Strange to say, the beautiful sapphire is only twice named by
Shakespeare, once as an adjunct to the pearl in embroidery (_Merry
Wives of Windsor_, Act v, sc. 5). The single mention of chrysolite is
much more impressive:


If heaven would make me such another world,
Of one entire and perfect chrysolite!
_Othello_, Act v, sc. 2.
"Tragedies", p. 337, col. A, line 5.


Chrysolite (peridot, or olivine) was regarded in Shakespeare's time
and earlier as of exceptional rarity. The fine peridots of the Chapel
of the Three Kings in Cologne Cathedral were believed to be emeralds
of extraordinary size and were once valued at $15,000,000, although
they are really worth barely $100,000; some of them are more than an
inch in diameter. Whence they came is uncertain, but it is probable
that they were brought from the East at some time during the Crusades.
Indeed the origin of the fine peridots of the Middle Ages is shrouded
in mystery; they are, however, believed to have been found in one or
more of the islands in the Red Sea. In our day a number of specimens
have been discovered on the small island of St. John in that sea; the
deposit here is a jealously-guarded monopoly of the Egyptian
Government. Peridots have also been found at Spyrget Island, in the
Arabian Gulf. The most remarkable source of gem-material of this stone
is meteoric, a few gems weighing as much as a carat each having been
cut out of some yellowish-green peridot obtained by the writer from
the meteoric iron of Glorieta Mountain, New Mexico.

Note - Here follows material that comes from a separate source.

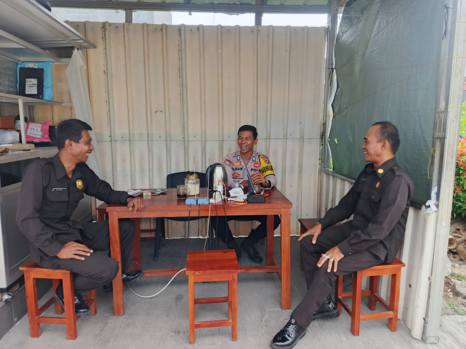 Cilegon – Polres Cilegon Polda Banten, Personil Polsek Cilegon Polres Cilegon Polda Banten laksanakan bincang dialogis sekaligus sampaikan himbauan kamtibmas kepada pihak keamanan/security  Komp Taman Cilegon Indah Kel. Sukmajaya Kec.Jombang Kota Cilegon. Kamis (09/04/2026).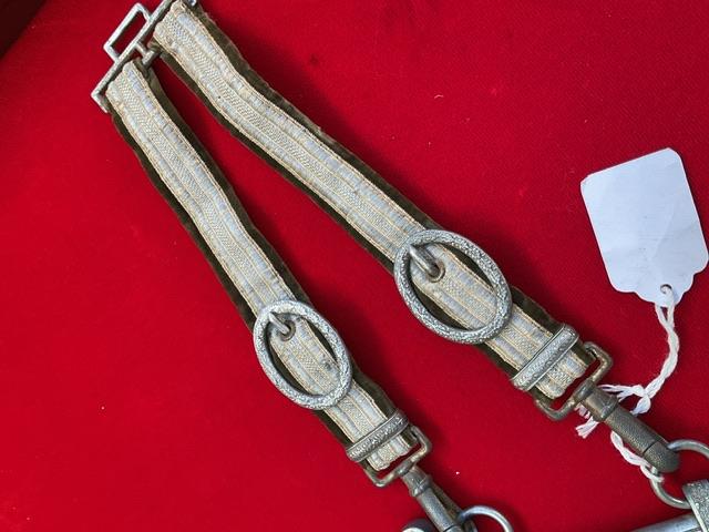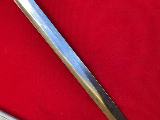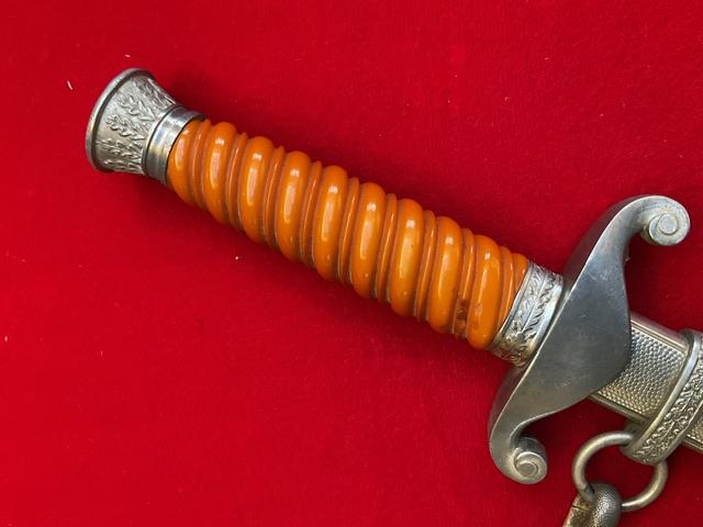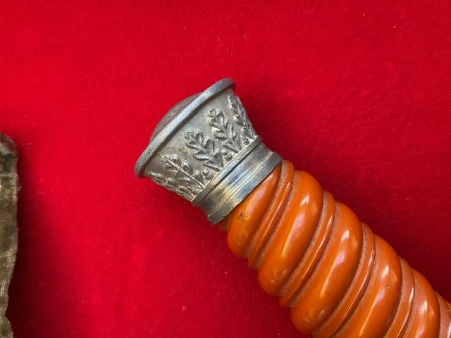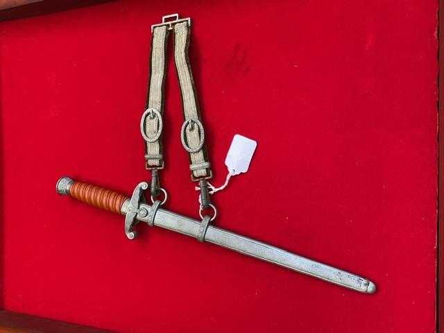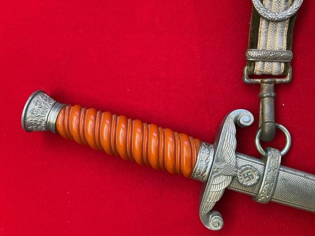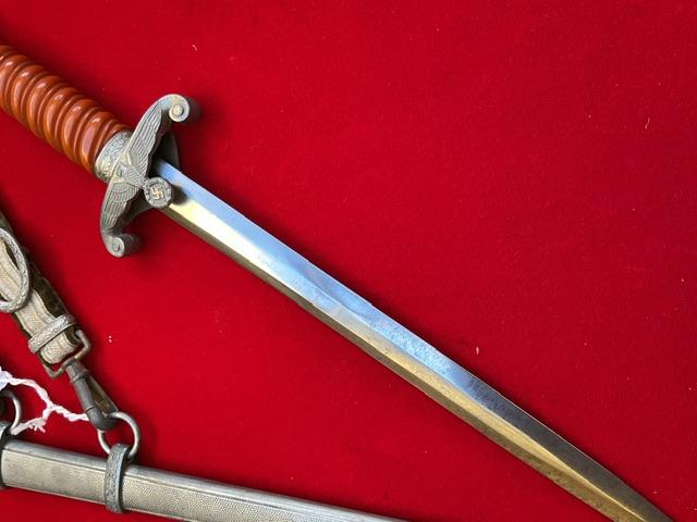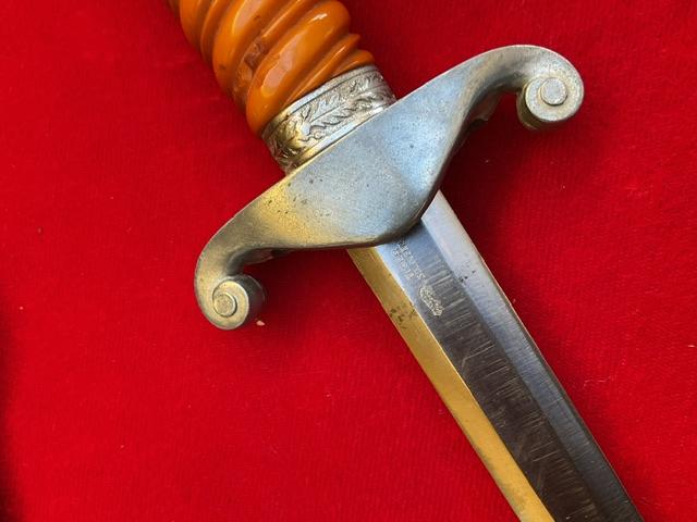 Later production army dagger by scarce maker Tiger. Blade shows some staining, but rust free, dent free scabbard. Nice orange grip, Comes with set of army hangers. Dagger does come apart. Scarce maker

That a turquoise, presumably set in a ring, was given to Shylock by
Leah before their marriage, perhaps at their betrothal, is all that
Shakespeare has found occasion to write of this pretty stone, one of
the earliest used for adornment in the world's history, as the great
mines of Nishapur, in Persia, and those of the Sinai Peninsula were
worked at a very early time, the latter by the Egyptians as far back
as 4000 B.C. With the opal, the poet has seized upon its most
characteristic quality, its changeableness of hue, where he says in
_Twelfth Night_ (Act ii, sc. 4): "Thy mind is a very opal".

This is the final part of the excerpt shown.